Entropic quantum machine

We study nanomachines whose relevant (effective) degrees of freedom $f\gg 1$ but smaller than $f$ of proteins. In these machines, both the entropic and the quantum effects over the whole system play the essential roles in producing nontrivial functions. We therefore call them entropic quantum machines (EQMs). We propose a systematic protocol for designing the EQMs, which enables a rough sketch, accurate design of equilibrium states, and accurate estimate of response time. As an illustration, we design a novel EQM, which shows two characteristic shapes. One can switch from one shape to the other by changing temperature or by applying a pulsed external field. We discuss two potential applications of this example of an EQM.

Figure 1

(a) Proposed EQM. The dots and the line segments represent the sites and the bonds of the lattice, respectively.
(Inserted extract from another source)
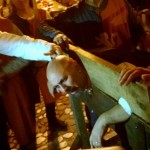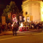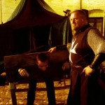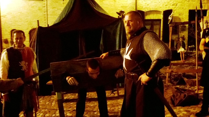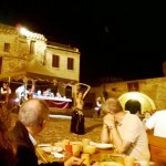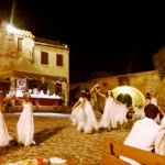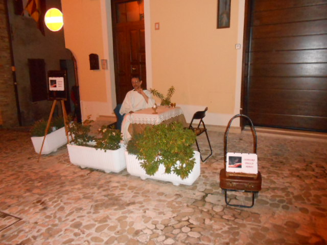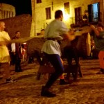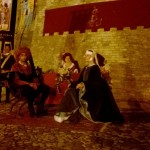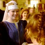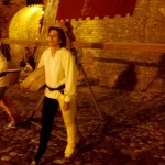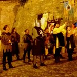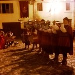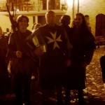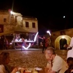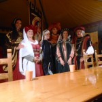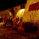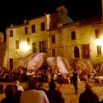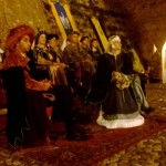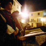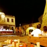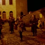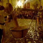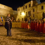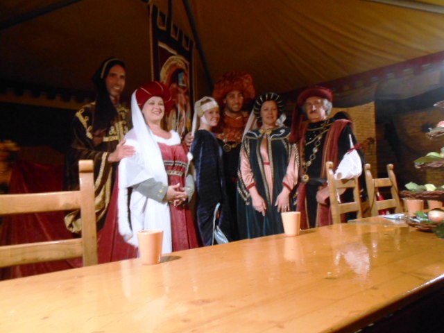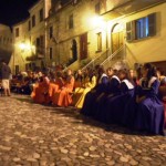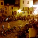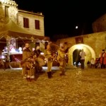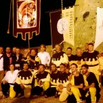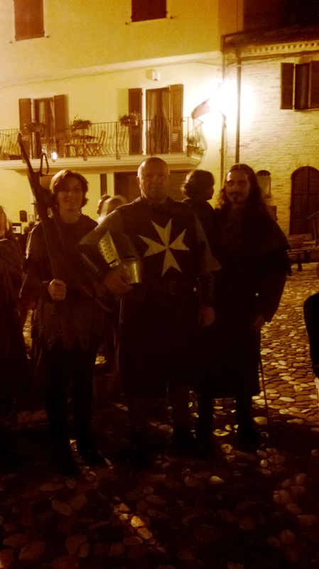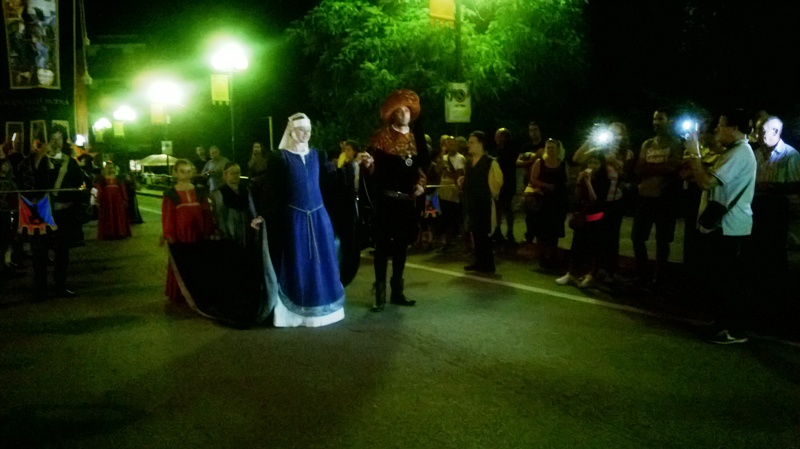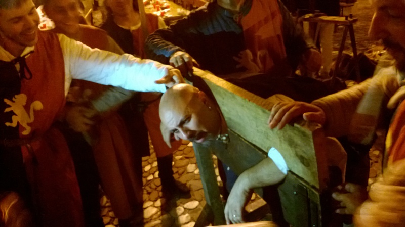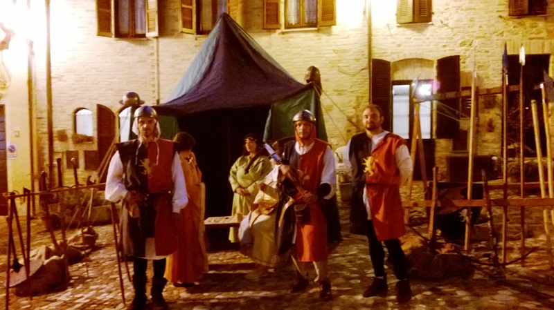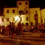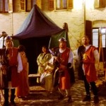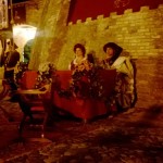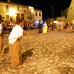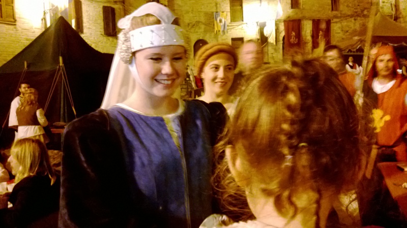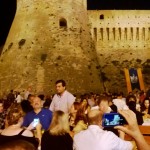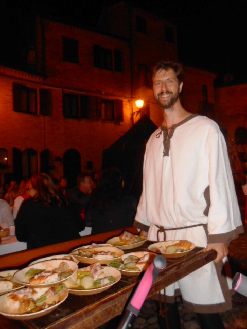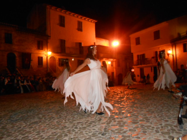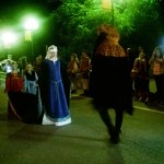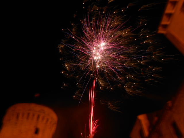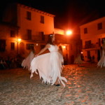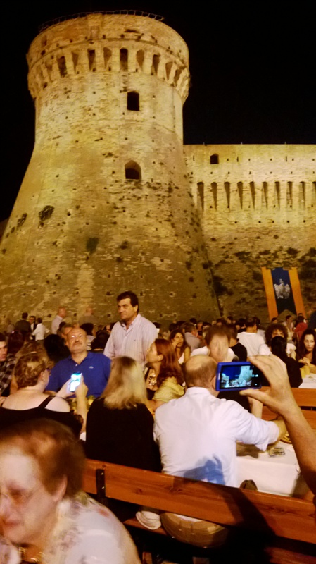 Infine domenica 3 agosto si è tenuto il rinomato Banchetto Nuziale in una nuova e suggestiva location: piazza del Forte, sotto la splendida Fortezza capolavoro del Pontelli. Cena bagnata, cena fortunata ha detto Fabio di Cocco, il giullare della serata, e tanto è stato: nonostante lo scroscio d’acqua iniziale organizzatori e partecipanti non si sono scoraggiati: appena smesso di piovere i camerieri si sono subito dati da fare per togliere le tovaglie bagnate e asciugare le panche nel minor tempo possibile, l’organizzazione ha saputo far fronte egregiamente all’inconveniente con molto senso pratico. I partecipanti alla cena, oltre 200, si sono potuti, quindi, accomodare di nuovo per iniziare la cena a partire dalla frutta e dal pinzimonio, come tutti gli anni, per poi gustare piatti come zuppa di ceci con vongole e gamberi o bocconcini di vitello con crema di fave, per nominare due tra le diverse deliziose pietanze preparate dal Catering Papillon, per terminare in dolcezza con i biscotti di Forasteria e il vino cotto. La serata è stata molto vivace grazie all’animazione degli Armigeri e Balestrieri di Bucchianico con la loro gogna che ha mietuto diverse vittime, degli Errabundi musici, della danzatrice del ventre Perla d’Oriente, dei Lux Arcana con il loro spettacolo di fuoco, dell’esibizione del balletto medievale delle alunne della maestra di danza Maria Luigia Neroni e del gioco del Mercante in Fiera dove come carte sono stati utilizzati dei disegni di personaggi del Palio realizzati dall’artista Cesare d’Antonio. Al termine del banchetto si è tenuto il tradizionale incendio della Fortezza, con uno spettacolo firmato Pirotecnica 2001, che ha concluso degnamente l’ultima serata dell’edizione 2014 di Sponsalia.

When an external field is applied, it is applied on the purple area. (b) A part of the EQM. (c) Particle distribution as a function of temperature, $T$. The dashed line represents $n_{\mathrm{av}}$. The scale of $T$ is in units of $J$.

Figure 2

Time evolution of (a) external field, (b) $\langle n_i\left(t\right)\rangle$ for the four sites shown in Fig. 1, and (c) ${\sum }_i{\{[\langle n_i\left(t\right)\rangle -\overline{\langle n_i\rangle }]/n_{\mathrm{av}}\}}^2$. The scale of time $t$ is in units of $\hslash /J$.

Figure 3

Particle distribution as a function of $T$ for (a) $V=0$ and (b) $J=0$. The dashed lines represent $n_{\mathrm{av}}$. The scale of $T$ is taken as the same as in Fig. 1.

Figure 4

(a) Left: An agonist binds to the receptor. Middle: At $T=0.1$, agonists are blocked by the EQM on the receptor. Right: At $T\simeq 3.23$, an agonist passes through the EQM and binds to the receptor. (b) The EQM with the catalyst in it. It catalyzes different reactions depending on the temperature.